Внезапно Лидия Аусвальд-Залесьева переменилась в лице:

— Влад возвращается! Я чувствую! Господин агент, уходите отсюда скорее — нам очень плохо будет, если граф застанет вас здесь!

Секунду я помедлил, но пожалуй, она была права.

— Я обещаю — я вытащу вас отсюда, — твёрдо сказал я на прощание. — Я не одинок, за мной и в самом деле стоят могущественные спецслужбы, и мы не оставим вас в беде!

Коротко поклонившись в ответ на благодарные возгласы обеих женщин, я деволюмизировался и быстро вышел через стену обратно в сад.

И почему я тогда не остался? Мелькнула же мысль встретить графа лицом к лицу прямо в обители его сокровеннейших секретов. А впрочем, может, и к лучшему, что я решил уйти… Ведь вполне вероятно, что на такое столкновение у меня не хватило бы сил.

Включив «общий рентген», я и сам увидел сквозь здание усадьбы, как «майбах» графа въезжает в воротца. Ну что ж… Пора идти к этой странной трапезе, на которой трапезничать я как раз не буду, но зато уж постараюсь, обладая теперь новыми знаниями о графском поместье и делах, в нём творящихся, «раскрутить» Залесьева на те или иные признания. Пришло время второго раунда нашей маленькой шахматной партии.

Я поднялся в свою комнату, сбросил плащ и пиджак, с непередаваемым наслаждением стащил и зашвырнул в угол чемодана галстук, умылся, привёл себя в порядок, сменил несколько помятые и запылённые после моих железнодорожно-лесных приключений брюки и рубашку на более свободную джинсовую одежду, нацепил кобуру с пистолетом и надел пиджак обратно — другого у меня с собой не было, это и так был единственный мой хоть сколько-нибудь официальный костюм на протяжении уже лет эдак пяти.

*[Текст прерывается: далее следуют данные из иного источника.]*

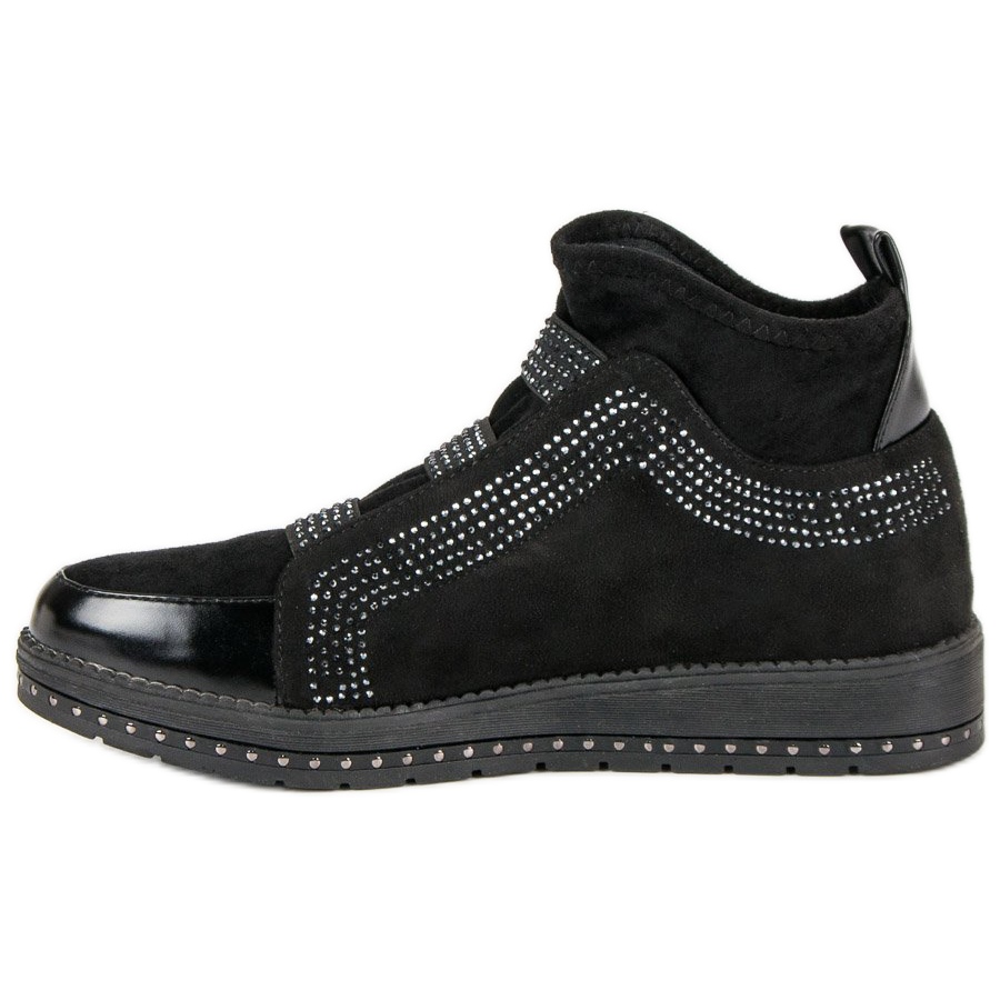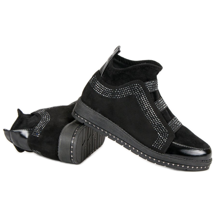Svarta slip-on sneakers är ett perfekt val för varje fashionabel kvinna som vill lägga till lite originalitet till sin styling. Dessa unika skor med dekorativa kristaller lockar inte bara uppmärksamhet, utan ger också komfort för vardagsbruk. De är perfekta för casual outfits, och kombinerar en sportig stil med en elegant accent.
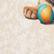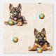 水の色ドイツの羊飼いの子犬は、テクスチャクリームの背景にボールと骨を持つ。

Ровно в двадцать ноль-ноль снизу донёсся мелодичный звук гонга, очевидно, сзывающий обитателей поместья к очередному совместному принятию пищи. Я вышел из комнаты и включил «общий рентген». Графа я заметил сразу, он очень медленно поднимался по лестнице в противоположном крыле здания в сопровождении Пузина. Я догадывался, что после возвращения в усадьбу Залесьев обязательно захочет переговорить со своим ближайшим помощником до ужина, узнать последние новости о моём поведении и прочем, и именно этот разговор мне было весьма интересно тоже послушать. Поэтому я деволюмизировался и быстренько побежал к дальнему лестничному маршу. И встал на верхней балюстраде, откуда было всё прекрасно слышно и видно.

— …какой он саниспектор, перестань его так называть, Владимир, — это был холодный и чёткий голос графа. — Он просто шпион, вероятнее всего, какой-то фээсбэшник. Правда, надо признать, странный шпион. Он не выпил газировку, которую Сомов приносил в мой кабинет. Он не тронул свой стакан, возможно, он что-то знает про нас. И я чувствую астральные возмущения, я почувствовал ещё от алтаря, что в усадьбе неладно. Сам понимаешь, я не мог сразу уйти, но приехал быстро, как только всё закончил. И подкупить его вряд ли удастся… Я днём в разговоре с ним снизошёл до намека, так он мне мораль принялся читать… Неужели же он из этих… из идейных? Самые глупые и мерзкие твари эти идейные, и себя убивать заставляют, и других рабов портят… Что тебе удалось узнать?

— Машину проверили, господин граф, — послышался подобострастный голос семенящего ступенькой ниже Пузина. — Ничего необычного, простой служебный автомобиль, эти «форды» постоянно все госслужбы закупают. Вещи его тоже осмотрели, и тоже ничего… Одёжка небогатая. Но санитарную проверку он проводить толком не умеет, действует кое-как и формально, как будто только что инструкцию прочитал…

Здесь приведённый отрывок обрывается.